Brief
Exactly the lines from the one with "- Gabionenzäune und" through the final line of the entries, and nothing else, should appear in the answer; no pictures go in it.

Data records
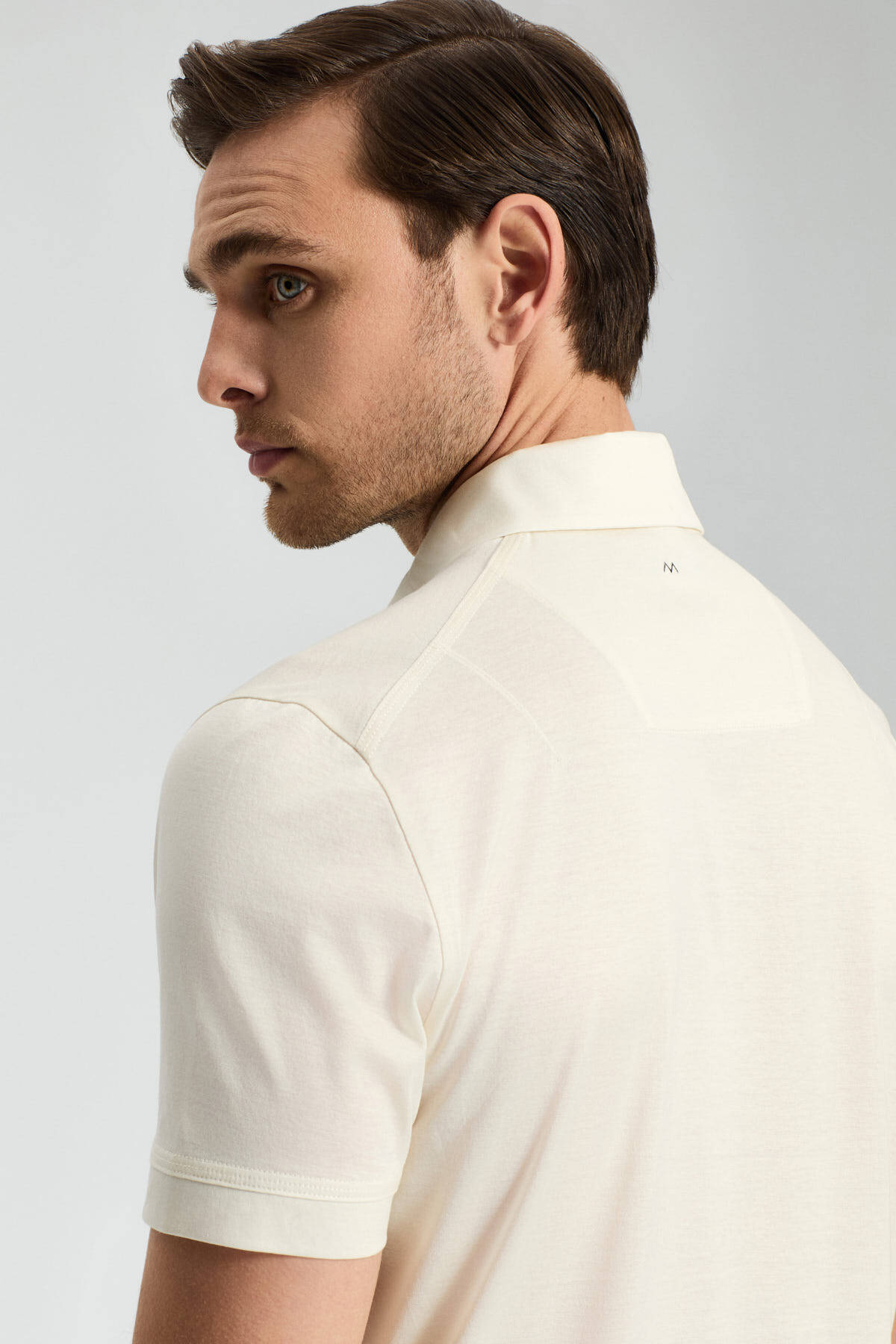 Krem rengiyle klasik şıklığı yansıtan merserize pamuk polo yaka T-shirt, rahatlığı ve zarafeti bir arada sunar. Günlük kombinlerinize sofistike bir dokunuş ekler.
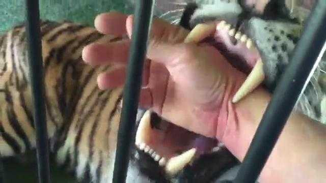 Người đàn ông vô tư cho tay vào chuồng hổ để chú gặm.
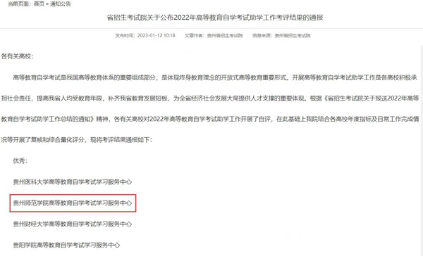 2022年度,在学校党政班子的坚强领导下,各相关部门、二级学院的支持配合下,beat365继续教育学院的团结努力下,beat365在省招生考试院开展的全省各有关高校高等教育自学考试助学工作综合量化考评中,再度荣获年度综合考评“优秀”等次。相关考评结果已在贵州省招生考试院官方网站上公示。
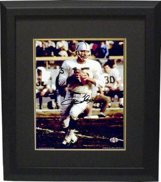 In 1960 Tom Flores finally landed a position as a quarterback with the American Football League's Oakland Raiders, who began play in 1960 as a charter member of the league. He was named the Raiders' starting quarterback early in the 1960 season, becoming the first Hispanic starting quarterback in professional football history. Flores had his most productive season in 1966. Although he completed only 49.3 percent of his attempts, he passed for 2,638 yards and 24 touchdowns in 14 games. He is the fifth-leading passer, all-time, in the AFL. Tom Flores has hand signed this Oakland Raiders 8x10 Photo. The photo was signed 11/24/07 in San Francisco, CA. RS Hologram and Certificate of Authenticity from Athlon Sports. Custom Black Mat and Premium Black Frame as shown
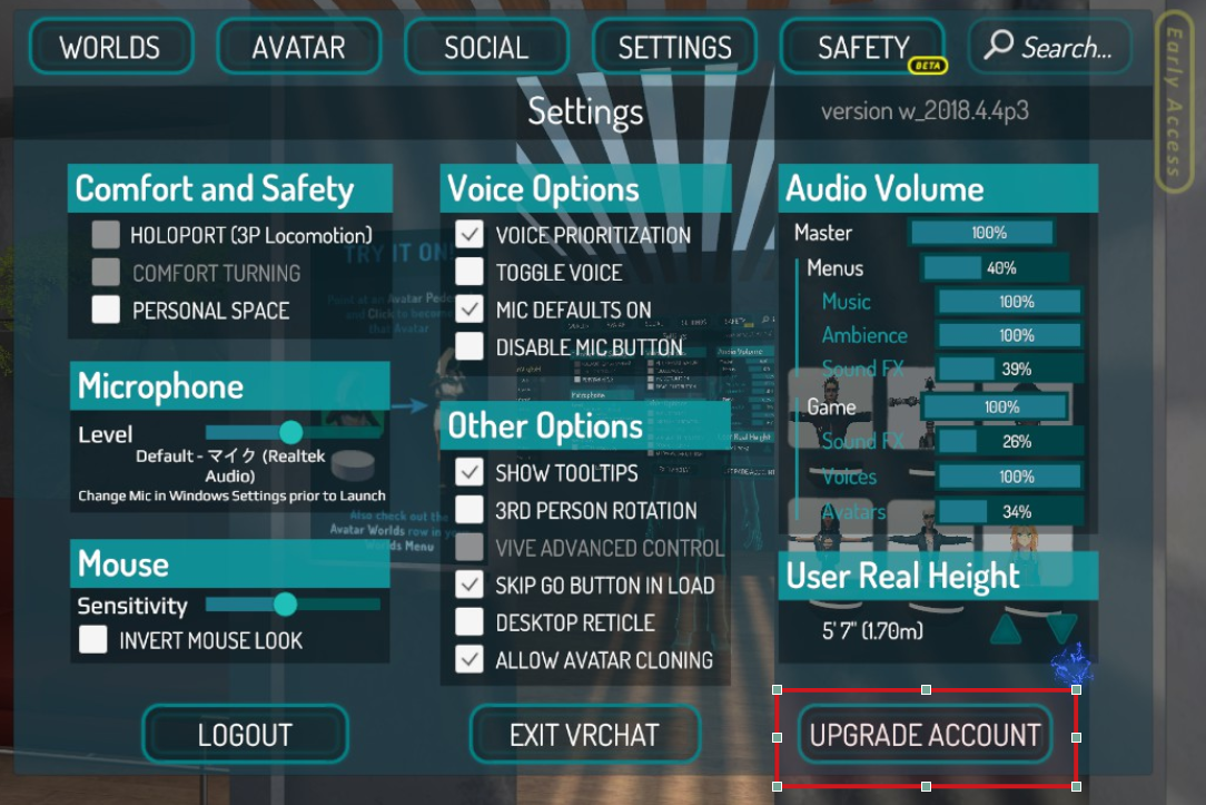 - Settgins画面の右下にある UPGRADE ACCOUNT ボタンを押します。
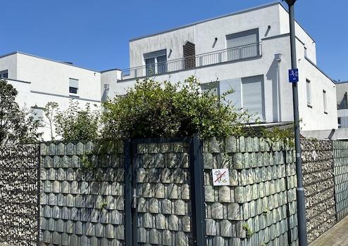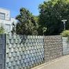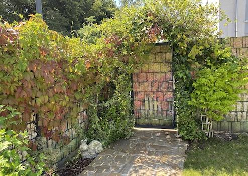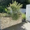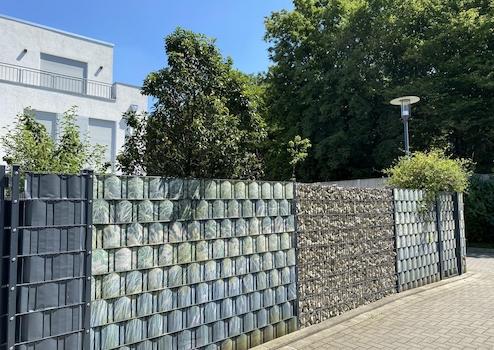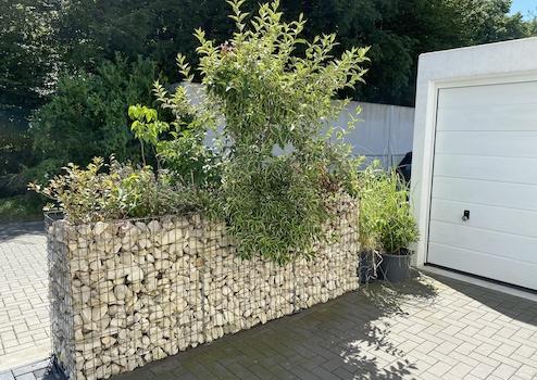 - Gabionenzäune und -elemente um das Haus herum
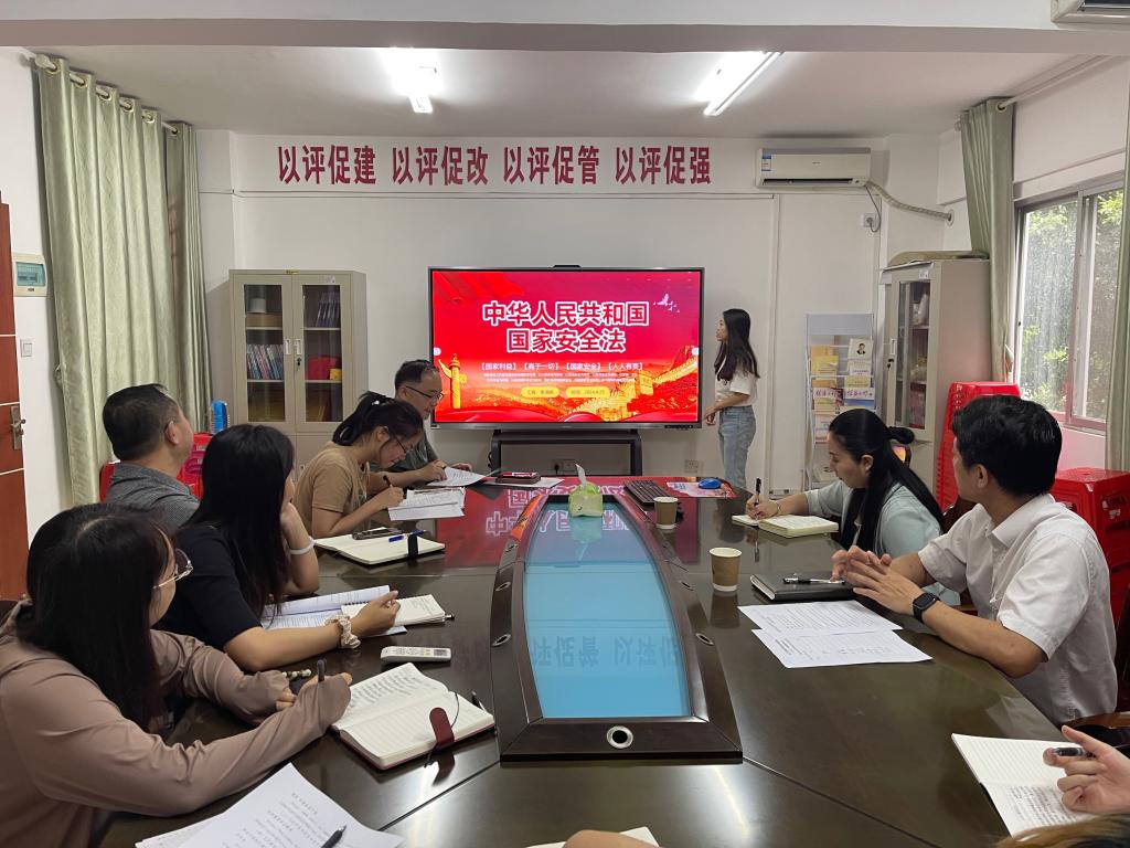 接下来支部开展国家安全主题党日活动。首先,由李涓娟同志领学《中华人民共和国国家安全法》,通过系统学习国家安全法,党员同志深入了解了国家安全的内涵和重要性,认识到维护国家安全是每个公民的责任,加深了对国家安全工作的认识,提升了法律意识和法治素养。接着支部书记郑学森传达了学习学校保密工作会议精神,要求各位党员同志做好保密工作,履行党员保密的责任和义务,严格遵守保密法规,增强保密意识。其次,党员同志结合岗位工作实际开展安全教育活动,就国家安全、实验室安全、危险化学品仓库安全、消防安全、人身安全等进行交流发言,对五一假期前的相关安全工作进行自查自纠。最后支部党员同志集体学习2024年春季学期《关于开展反诈进校园法治宣讲活动的通知》,进一步增强党员干部对电信网络诈骗的防范意识,提高自我保护、自我应对能力,有效地预防电信网络诈骗。
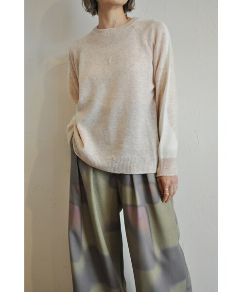 ウール×ナイロンのかさつきのある糸を使用したプルオーバーニットです。 袖に配色のラインがあり、一枚でもポイントのあるアイテムです。 シンプルで使い勝手のいいトップスです。
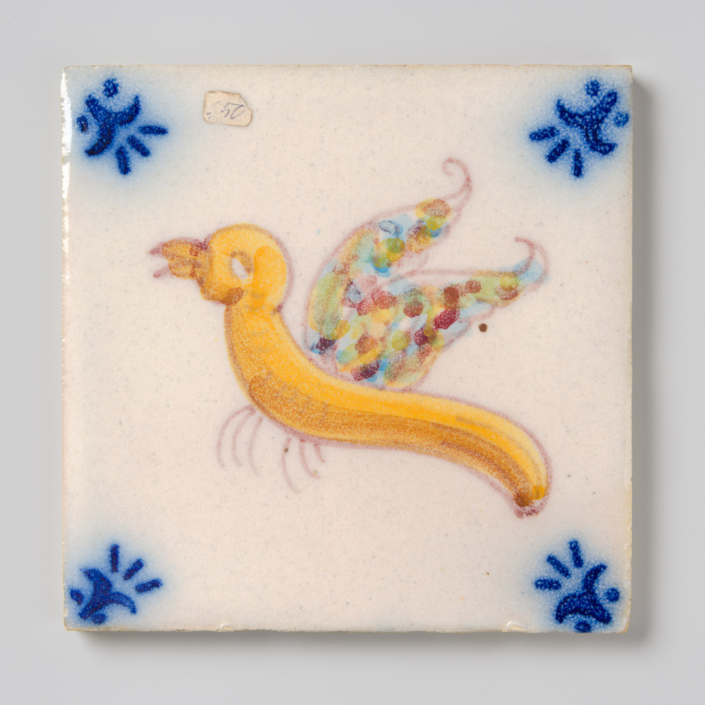 Tegel van keramiek met tinglazuur, voorstellende: vo...
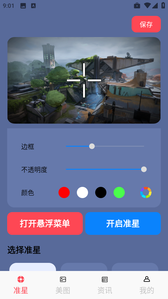 3、接着自定义设置好准星的大小,粗细,间距,边框以及不透明度等之后,点击“开启准星”。
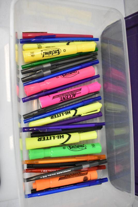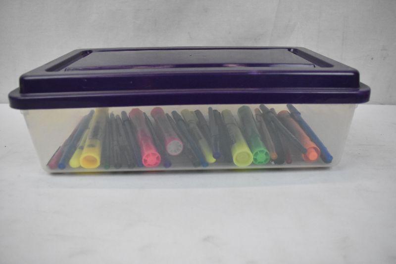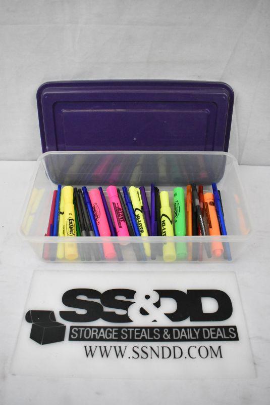 Small Bin (shoe box size, clear w/ purple lid) with 26 Pens & Highlighters
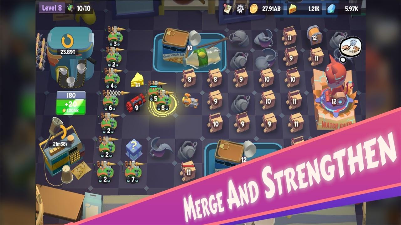 玩具碰撞厨房浩劫是一款休闲的合并游戏,在游戏中玩家需要合并机器人来战斗并建立一个采矿帝国!通过合并、升级机器人,让它们变得更强大,才能打败敌人获得金币和抢奶酪,在这个神奇的闲置游戏中致富,在游戏中建立强大的军队和帝国。
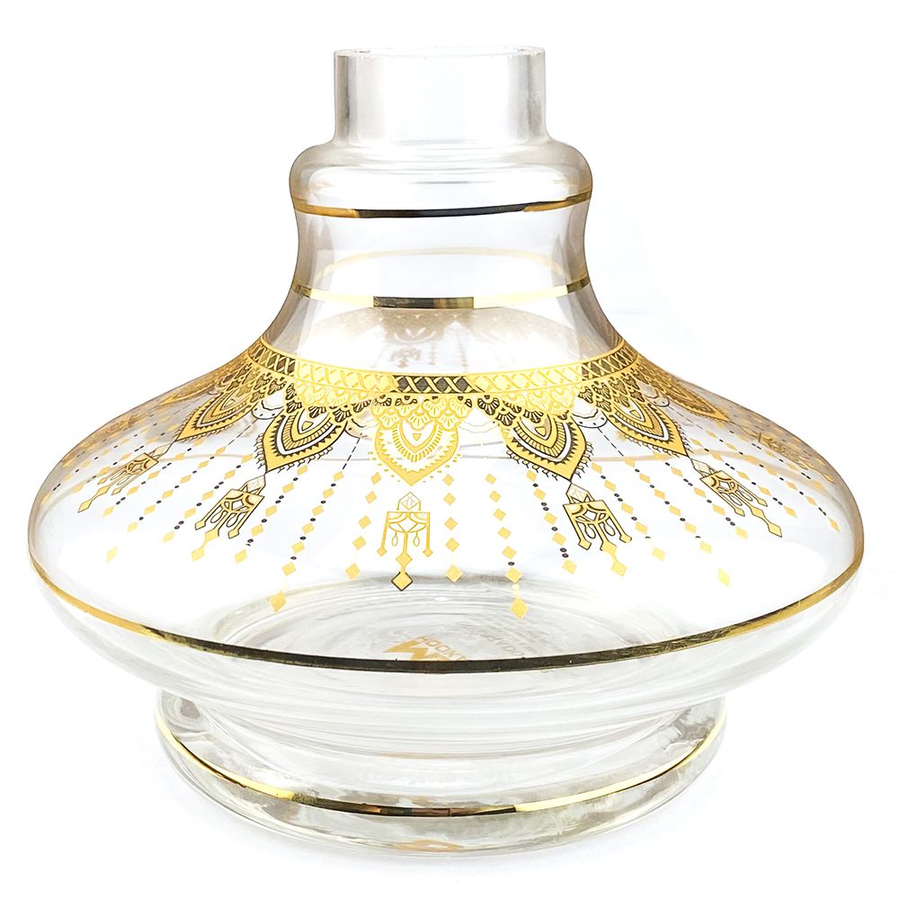 Vaso para narguile, da marca MD Hookah. Vaso feito de vidro com detalhes em dourado. Seu encaixe para stem é compatível com narguiles nacionais ou importados. Pede alguns cuidados na hora da limpeza, por se tratar de vidro com detalhamento a mão é extremamente proibido passar bucha com sabão ou qualquer outro tipo de produto químico podendo assim afetar a pintura. Não haverá troca caso o produto apresente mal uso.

Response to the exercise
 - Gabionenzäune und -elemente um das Haus herum
 接下来支部开展国家安全主题党日活动。首先,由李涓娟同志领学《中华人民共和国国家安全法》,通过系统学习国家安全法,党员同志深入了解了国家安全的内涵和重要性,认识到维护国家安全是每个公民的责任,加深了对国家安全工作的认识,提升了法律意识和法治素养。接着支部书记郑学森传达了学习学校保密工作会议精神,要求各位党员同志做好保密工作,履行党员保密的责任和义务,严格遵守保密法规,增强保密意识。其次,党员同志结合岗位工作实际开展安全教育活动,就国家安全、实验室安全、危险化学品仓库安全、消防安全、人身安全等进行交流发言,对五一假期前的相关安全工作进行自查自纠。最后支部党员同志集体学习2024年春季学期《关于开展反诈进校园法治宣讲活动的通知》,进一步增强党员干部对电信网络诈骗的防范意识,提高自我保护、自我应对能力,有效地预防电信网络诈骗。
 ウール×ナイロンのかさつきのある糸を使用したプルオーバーニットです。 袖に配色のラインがあり、一枚でもポイントのあるアイテムです。 シンプルで使い勝手のいいトップスです。
 Tegel van keramiek met tinglazuur, voorstellende: vo...
 3、接着自定义设置好准星的大小,粗细,间距,边框以及不透明度等之后,点击“开启准星”。
 Small Bin (shoe box size, clear w/ purple lid) with 26 Pens & Highlighters
 玩具碰撞厨房浩劫是一款休闲的合并游戏,在游戏中玩家需要合并机器人来战斗并建立一个采矿帝国!通过合并、升级机器人,让它们变得更强大,才能打败敌人获得金币和抢奶酪,在这个神奇的闲置游戏中致富,在游戏中建立强大的军队和帝国。
 Vaso para narguile, da marca MD Hookah. Vaso feito de vidro com detalhes em dourado. Seu encaixe para stem é compatível com narguiles nacionais ou importados. Pede alguns cuidados na hora da limpeza, por se tratar de vidro com detalhamento a mão é extremamente proibido passar bucha com sabão ou qualquer outro tipo de produto químico podendo assim afetar a pintura. Não haverá troca caso o produto apresente mal uso.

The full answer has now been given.